WORK REQUIRED: Only an exact copy of the entries will serve as the answer.

RECORDS TO USE:
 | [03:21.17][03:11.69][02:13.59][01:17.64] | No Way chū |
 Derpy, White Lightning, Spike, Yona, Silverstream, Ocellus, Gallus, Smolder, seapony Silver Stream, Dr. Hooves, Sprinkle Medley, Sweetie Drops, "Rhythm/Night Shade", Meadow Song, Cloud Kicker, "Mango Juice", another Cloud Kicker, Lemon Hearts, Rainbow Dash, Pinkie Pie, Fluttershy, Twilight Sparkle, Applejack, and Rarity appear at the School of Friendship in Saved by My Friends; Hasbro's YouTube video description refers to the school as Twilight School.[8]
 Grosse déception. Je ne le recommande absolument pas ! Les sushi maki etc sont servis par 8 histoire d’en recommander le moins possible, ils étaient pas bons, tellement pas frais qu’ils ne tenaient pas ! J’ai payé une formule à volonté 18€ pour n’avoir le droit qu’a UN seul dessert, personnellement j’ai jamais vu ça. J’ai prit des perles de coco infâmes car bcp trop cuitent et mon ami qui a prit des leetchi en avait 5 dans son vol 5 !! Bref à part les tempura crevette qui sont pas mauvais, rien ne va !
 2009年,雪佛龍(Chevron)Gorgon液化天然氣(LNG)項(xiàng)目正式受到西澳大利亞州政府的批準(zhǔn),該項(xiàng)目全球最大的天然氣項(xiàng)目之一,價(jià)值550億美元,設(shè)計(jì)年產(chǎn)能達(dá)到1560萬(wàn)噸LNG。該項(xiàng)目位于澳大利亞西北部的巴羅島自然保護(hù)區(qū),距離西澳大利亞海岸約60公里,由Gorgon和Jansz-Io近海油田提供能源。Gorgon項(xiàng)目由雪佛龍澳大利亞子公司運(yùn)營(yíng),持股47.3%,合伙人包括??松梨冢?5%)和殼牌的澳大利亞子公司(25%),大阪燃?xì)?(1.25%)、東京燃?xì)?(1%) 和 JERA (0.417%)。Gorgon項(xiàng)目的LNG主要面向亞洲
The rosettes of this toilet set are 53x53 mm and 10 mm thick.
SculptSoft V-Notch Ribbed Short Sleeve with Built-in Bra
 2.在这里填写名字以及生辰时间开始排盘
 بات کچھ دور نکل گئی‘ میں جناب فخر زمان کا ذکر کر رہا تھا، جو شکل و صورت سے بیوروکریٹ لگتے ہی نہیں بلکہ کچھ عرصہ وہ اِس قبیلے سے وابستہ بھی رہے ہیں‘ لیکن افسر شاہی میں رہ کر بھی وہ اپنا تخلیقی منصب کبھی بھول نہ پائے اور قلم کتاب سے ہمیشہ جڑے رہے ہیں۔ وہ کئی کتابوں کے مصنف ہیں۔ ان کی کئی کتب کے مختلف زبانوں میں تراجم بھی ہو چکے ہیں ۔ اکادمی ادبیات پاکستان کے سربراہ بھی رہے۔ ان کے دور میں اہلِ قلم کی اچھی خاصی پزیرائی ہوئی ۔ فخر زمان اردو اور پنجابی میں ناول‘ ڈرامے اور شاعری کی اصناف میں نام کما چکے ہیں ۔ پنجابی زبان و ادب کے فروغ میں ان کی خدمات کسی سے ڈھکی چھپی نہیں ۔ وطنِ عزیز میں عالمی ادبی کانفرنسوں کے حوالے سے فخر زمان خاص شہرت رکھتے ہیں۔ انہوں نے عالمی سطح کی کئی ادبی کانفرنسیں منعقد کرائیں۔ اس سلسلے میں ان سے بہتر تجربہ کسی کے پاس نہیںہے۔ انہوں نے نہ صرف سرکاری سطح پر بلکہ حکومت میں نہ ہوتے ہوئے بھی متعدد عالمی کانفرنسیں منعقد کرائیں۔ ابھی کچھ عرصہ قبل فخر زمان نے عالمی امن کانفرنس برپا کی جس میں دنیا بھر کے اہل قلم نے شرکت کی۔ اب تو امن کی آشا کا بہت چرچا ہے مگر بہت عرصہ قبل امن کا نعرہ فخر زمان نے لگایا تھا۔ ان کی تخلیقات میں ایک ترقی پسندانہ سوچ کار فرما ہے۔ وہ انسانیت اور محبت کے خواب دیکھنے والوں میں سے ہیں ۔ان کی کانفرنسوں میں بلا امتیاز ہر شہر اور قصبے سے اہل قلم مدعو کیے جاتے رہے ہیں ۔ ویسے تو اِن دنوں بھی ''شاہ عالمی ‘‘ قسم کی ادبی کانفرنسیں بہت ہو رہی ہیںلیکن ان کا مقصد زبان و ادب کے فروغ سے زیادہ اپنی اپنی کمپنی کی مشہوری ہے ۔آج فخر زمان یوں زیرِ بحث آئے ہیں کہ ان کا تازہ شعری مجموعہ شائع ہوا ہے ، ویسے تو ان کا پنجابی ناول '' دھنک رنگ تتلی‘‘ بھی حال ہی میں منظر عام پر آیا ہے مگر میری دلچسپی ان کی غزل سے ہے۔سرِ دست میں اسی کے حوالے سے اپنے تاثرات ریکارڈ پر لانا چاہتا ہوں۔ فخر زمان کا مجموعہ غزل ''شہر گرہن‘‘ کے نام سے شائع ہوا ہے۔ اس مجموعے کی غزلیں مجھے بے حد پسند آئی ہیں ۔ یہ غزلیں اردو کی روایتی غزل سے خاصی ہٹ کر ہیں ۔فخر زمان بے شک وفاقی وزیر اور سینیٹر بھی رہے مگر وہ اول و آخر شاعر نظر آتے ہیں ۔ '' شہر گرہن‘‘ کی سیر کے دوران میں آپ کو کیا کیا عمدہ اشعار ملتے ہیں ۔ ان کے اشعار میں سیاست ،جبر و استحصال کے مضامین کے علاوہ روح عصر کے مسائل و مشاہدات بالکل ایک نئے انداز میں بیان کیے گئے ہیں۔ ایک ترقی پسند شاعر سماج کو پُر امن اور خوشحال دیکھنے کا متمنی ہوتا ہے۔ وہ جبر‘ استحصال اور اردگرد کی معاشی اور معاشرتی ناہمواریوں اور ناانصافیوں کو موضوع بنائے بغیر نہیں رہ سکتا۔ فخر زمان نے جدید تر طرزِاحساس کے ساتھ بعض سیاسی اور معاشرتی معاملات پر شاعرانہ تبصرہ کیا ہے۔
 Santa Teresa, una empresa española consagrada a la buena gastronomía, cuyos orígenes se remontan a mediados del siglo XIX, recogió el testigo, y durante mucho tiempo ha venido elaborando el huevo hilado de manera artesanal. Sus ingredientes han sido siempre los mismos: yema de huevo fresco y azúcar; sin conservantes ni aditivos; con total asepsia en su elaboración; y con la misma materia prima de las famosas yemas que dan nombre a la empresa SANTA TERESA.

ANSWER AREA:
 | [03:21.17][03:11.69][02:13.59][01:17.64] | No Way chū |
 Derpy, White Lightning, Spike, Yona, Silverstream, Ocellus, Gallus, Smolder, seapony Silver Stream, Dr. Hooves, Sprinkle Medley, Sweetie Drops, "Rhythm/Night Shade", Meadow Song, Cloud Kicker, "Mango Juice", another Cloud Kicker, Lemon Hearts, Rainbow Dash, Pinkie Pie, Fluttershy, Twilight Sparkle, Applejack, and Rarity appear at the School of Friendship in Saved by My Friends; Hasbro's YouTube video description refers to the school as Twilight School.[8]
 Grosse déception. Je ne le recommande absolument pas ! Les sushi maki etc sont servis par 8 histoire d’en recommander le moins possible, ils étaient pas bons, tellement pas frais qu’ils ne tenaient pas ! J’ai payé une formule à volonté 18€ pour n’avoir le droit qu’a UN seul dessert, personnellement j’ai jamais vu ça. J’ai prit des perles de coco infâmes car bcp trop cuitent et mon ami qui a prit des leetchi en avait 5 dans son vol 5 !! Bref à part les tempura crevette qui sont pas mauvais, rien ne va !
 2009年,雪佛龍(Chevron)Gorgon液化天然氣(LNG)項(xiàng)目正式受到西澳大利亞州政府的批準(zhǔn),該項(xiàng)目全球最大的天然氣項(xiàng)目之一,價(jià)值550億美元,設(shè)計(jì)年產(chǎn)能達(dá)到1560萬(wàn)噸LNG。該項(xiàng)目位于澳大利亞西北部的巴羅島自然保護(hù)區(qū),距離西澳大利亞海岸約60公里,由Gorgon和Jansz-Io近海油田提供能源。Gorgon項(xiàng)目由雪佛龍澳大利亞子公司運(yùn)營(yíng),持股47.3%,合伙人包括??松梨冢?5%)和殼牌的澳大利亞子公司(25%),大阪燃?xì)?(1.25%)、東京燃?xì)?(1%) 和 JERA (0.417%)。Gorgon項(xiàng)目的LNG主要面向亞洲
The rosettes of this toilet set are 53x53 mm and 10 mm thick.
SculptSoft V-Notch Ribbed Short Sleeve with Built-in Bra
 2.在这里填写名字以及生辰时间开始排盘
 بات کچھ دور نکل گئی‘ میں جناب فخر زمان کا ذکر کر رہا تھا، جو شکل و صورت سے بیوروکریٹ لگتے ہی نہیں بلکہ کچھ عرصہ وہ اِس قبیلے سے وابستہ بھی رہے ہیں‘ لیکن افسر شاہی میں رہ کر بھی وہ اپنا تخلیقی منصب کبھی بھول نہ پائے اور قلم کتاب سے ہمیشہ جڑے رہے ہیں۔ وہ کئی کتابوں کے مصنف ہیں۔ ان کی کئی کتب کے مختلف زبانوں میں تراجم بھی ہو چکے ہیں ۔ اکادمی ادبیات پاکستان کے سربراہ بھی رہے۔ ان کے دور میں اہلِ قلم کی اچھی خاصی پزیرائی ہوئی ۔ فخر زمان اردو اور پنجابی میں ناول‘ ڈرامے اور شاعری کی اصناف میں نام کما چکے ہیں ۔ پنجابی زبان و ادب کے فروغ میں ان کی خدمات کسی سے ڈھکی چھپی نہیں ۔ وطنِ عزیز میں عالمی ادبی کانفرنسوں کے حوالے سے فخر زمان خاص شہرت رکھتے ہیں۔ انہوں نے عالمی سطح کی کئی ادبی کانفرنسیں منعقد کرائیں۔ اس سلسلے میں ان سے بہتر تجربہ کسی کے پاس نہیںہے۔ انہوں نے نہ صرف سرکاری سطح پر بلکہ حکومت میں نہ ہوتے ہوئے بھی متعدد عالمی کانفرنسیں منعقد کرائیں۔ ابھی کچھ عرصہ قبل فخر زمان نے عالمی امن کانفرنس برپا کی جس میں دنیا بھر کے اہل قلم نے شرکت کی۔ اب تو امن کی آشا کا بہت چرچا ہے مگر بہت عرصہ قبل امن کا نعرہ فخر زمان نے لگایا تھا۔ ان کی تخلیقات میں ایک ترقی پسندانہ سوچ کار فرما ہے۔ وہ انسانیت اور محبت کے خواب دیکھنے والوں میں سے ہیں ۔ان کی کانفرنسوں میں بلا امتیاز ہر شہر اور قصبے سے اہل قلم مدعو کیے جاتے رہے ہیں ۔ ویسے تو اِن دنوں بھی ''شاہ عالمی ‘‘ قسم کی ادبی کانفرنسیں بہت ہو رہی ہیںلیکن ان کا مقصد زبان و ادب کے فروغ سے زیادہ اپنی اپنی کمپنی کی مشہوری ہے ۔آج فخر زمان یوں زیرِ بحث آئے ہیں کہ ان کا تازہ شعری مجموعہ شائع ہوا ہے ، ویسے تو ان کا پنجابی ناول '' دھنک رنگ تتلی‘‘ بھی حال ہی میں منظر عام پر آیا ہے مگر میری دلچسپی ان کی غزل سے ہے۔سرِ دست میں اسی کے حوالے سے اپنے تاثرات ریکارڈ پر لانا چاہتا ہوں۔ فخر زمان کا مجموعہ غزل ''شہر گرہن‘‘ کے نام سے شائع ہوا ہے۔ اس مجموعے کی غزلیں مجھے بے حد پسند آئی ہیں ۔ یہ غزلیں اردو کی روایتی غزل سے خاصی ہٹ کر ہیں ۔فخر زمان بے شک وفاقی وزیر اور سینیٹر بھی رہے مگر وہ اول و آخر شاعر نظر آتے ہیں ۔ '' شہر گرہن‘‘ کی سیر کے دوران میں آپ کو کیا کیا عمدہ اشعار ملتے ہیں ۔ ان کے اشعار میں سیاست ،جبر و استحصال کے مضامین کے علاوہ روح عصر کے مسائل و مشاہدات بالکل ایک نئے انداز میں بیان کیے گئے ہیں۔ ایک ترقی پسند شاعر سماج کو پُر امن اور خوشحال دیکھنے کا متمنی ہوتا ہے۔ وہ جبر‘ استحصال اور اردگرد کی معاشی اور معاشرتی ناہمواریوں اور ناانصافیوں کو موضوع بنائے بغیر نہیں رہ سکتا۔ فخر زمان نے جدید تر طرزِاحساس کے ساتھ بعض سیاسی اور معاشرتی معاملات پر شاعرانہ تبصرہ کیا ہے۔
 Santa Teresa, una empresa española consagrada a la buena gastronomía, cuyos orígenes se remontan a mediados del siglo XIX, recogió el testigo, y durante mucho tiempo ha venido elaborando el huevo hilado de manera artesanal. Sus ingredientes han sido siempre los mismos: yema de huevo fresco y azúcar; sin conservantes ni aditivos; con total asepsia en su elaboración; y con la misma materia prima de las famosas yemas que dan nombre a la empresa SANTA TERESA.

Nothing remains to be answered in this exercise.